Prep15 min
Cook40 min
Total55 min
Serves6
Ingredients
- 1 medium butternut squash (about 2 pounds), peeled, seeded, and cubed
- 2 medium apples (preferably Granny Smith or Honeycrisp), peeled, cored, and cubed
- 1 medium yellow onion, chopped
- 3 cloves garlic, minced
- 4 cups low-sodium vegetable broth
- 1 cup half-and-half or coconut milk (for a dairy-free option)
- 2 tablespoons olive oil
- 1 teaspoon ground cinnamon
- 1/4 teaspoon ground nutmeg
- Salt and freshly ground black pepper, to taste
- Fresh thyme leaves or chopped parsley, for garnish (optional)
Instructions
- Preheat the oven to 400°F (200°C). Toss the cubed butternut squash and apples with 1 tablespoon olive oil, cinnamon, nutmeg, salt, and pepper on a large baking sheet.
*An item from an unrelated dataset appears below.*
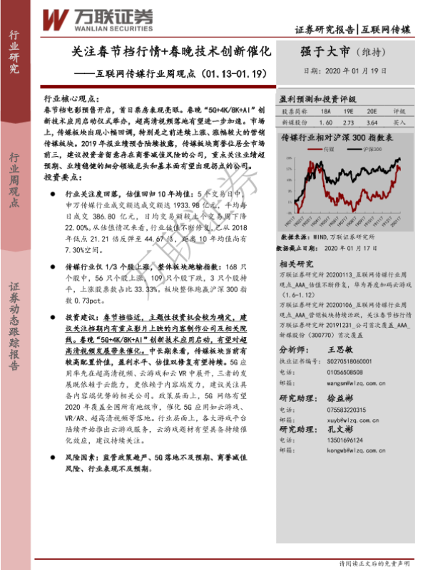 【万联证券】【20200119】20200119-万联证券-互联网传媒行业周观点:关注春节档行情+春晚技术创新催化-12页 行业研究

- Spread the squash and apples in a single layer and roast for 25-30 minutes until tender and caramelized, turning once halfway through roasting.
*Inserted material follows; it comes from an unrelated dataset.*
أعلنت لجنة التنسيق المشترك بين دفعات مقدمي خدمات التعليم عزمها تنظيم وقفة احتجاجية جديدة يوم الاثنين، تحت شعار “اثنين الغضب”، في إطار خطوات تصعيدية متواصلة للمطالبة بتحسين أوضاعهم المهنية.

- While roasting, heat the remaining 1 tablespoon olive oil in a large pot over medium heat. Add the chopped onion and cook until translucent and soft, about 5-7 minutes.
- Add the minced garlic to the onions and cook for 1 more minute until fragrant, stirring frequently to avoid burning.
- Once the squash and apples are roasted, add them to the pot along with the vegetable broth. Bring to a boil, then reduce the heat and simmer for 5 minutes to blend flavors.
- Using an immersion blender, puree the soup directly in the pot until completely smooth. Alternatively, blend in batches in a blender and return to the pot.
- Stir in the half-and-half or coconut milk and simmer gently for another 5 minutes. Adjust salt and pepper to taste.
- Serve hot, garnished with fresh thyme or parsley if desired, alongside crusty bread for a delightful cozy meal.
Chef tips
- For a nuttier flavor, replace the olive oil with browned butter if not dairy-free.
- To keep it vegan/dairy-free, substitute half-and-half with full-fat coconut milk or cashew cream.
- If you don’t have an immersion blender, a regular blender works well—just blend in small batches to avoid overheating.
- Roasting the squash and apples caramelizes their natural sugars, adding sweetness and depth—don’t skip this step.
Pros
- Rich, naturally sweet, and comforting flavor perfect for fall and winter.
- Simple ingredients mostly from pantry staples and fresh produce.
- Flexible for dietary needs with easy dairy-free substitution.
Cons / watch-outs
- Roasting takes some time, so this isn’t a super quick soup to prepare.
- Requires peeling and chopping squash and apples, which can be time-consuming for beginners.
Diet & nutrition notes
Diet notes: Vegetarian; easily vegan if using coconut milk; gluten-free; dairy-free adaptable.
Nutrition note: Each serving provides a good source of fiber, vitamin A, and antioxidants from the butternut squash and apples, with moderate calories from healthy fats in olive oil and cream.